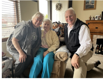
Delivering Meals on Wheels
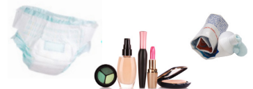
Diapers and personal hygiene products.
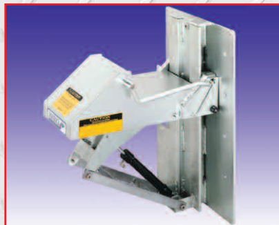
Available TRUCK-LOCK® Safety Systems
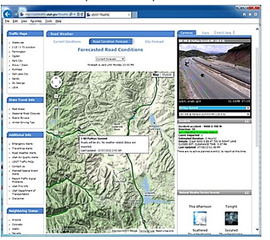
Figure 2. Utah DOT Traffic Operations Website

Make appropriate software changes to manage the additional data and forecasts and dis-
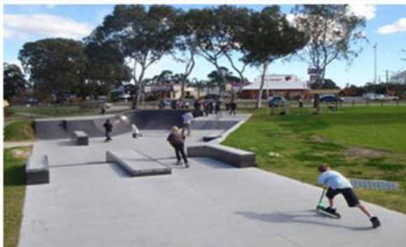
Neighbourhood Park: Bassendean Skate Park Guildford Rd, Bassendean WA
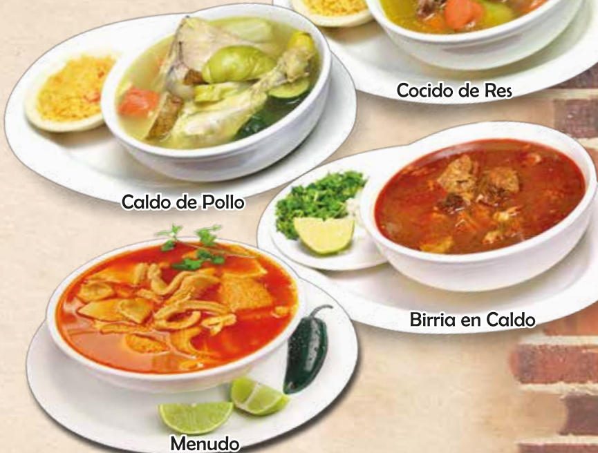
Cocido de Res
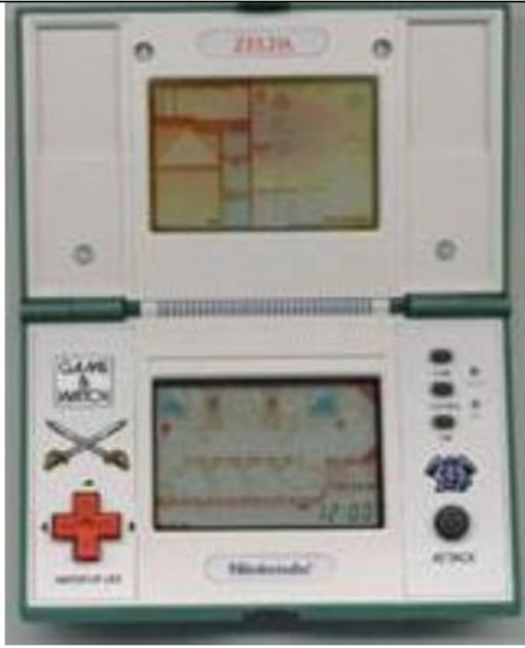
Nintendo's Game & Watch Series, 1980-1991

(Source: Ex. 2025, Engadget: A Brief History of Handheld Video Games)
========
**Work task:** Copy exactly the lines that run from the one containing "Make appropriate software" to the last line of the records, both included, and leave out every picture.

**Result:**
Make appropriate software changes to manage the additional data and forecasts and dis-
Neighbourhood Park: Bassendean Skate Park Guildford Rd, Bassendean WA
Cocido de Res
Nintendo's Game & Watch Series, 1980-1991

(Source: Ex. 2025, Engadget: A Brief History of Handheld Video Games)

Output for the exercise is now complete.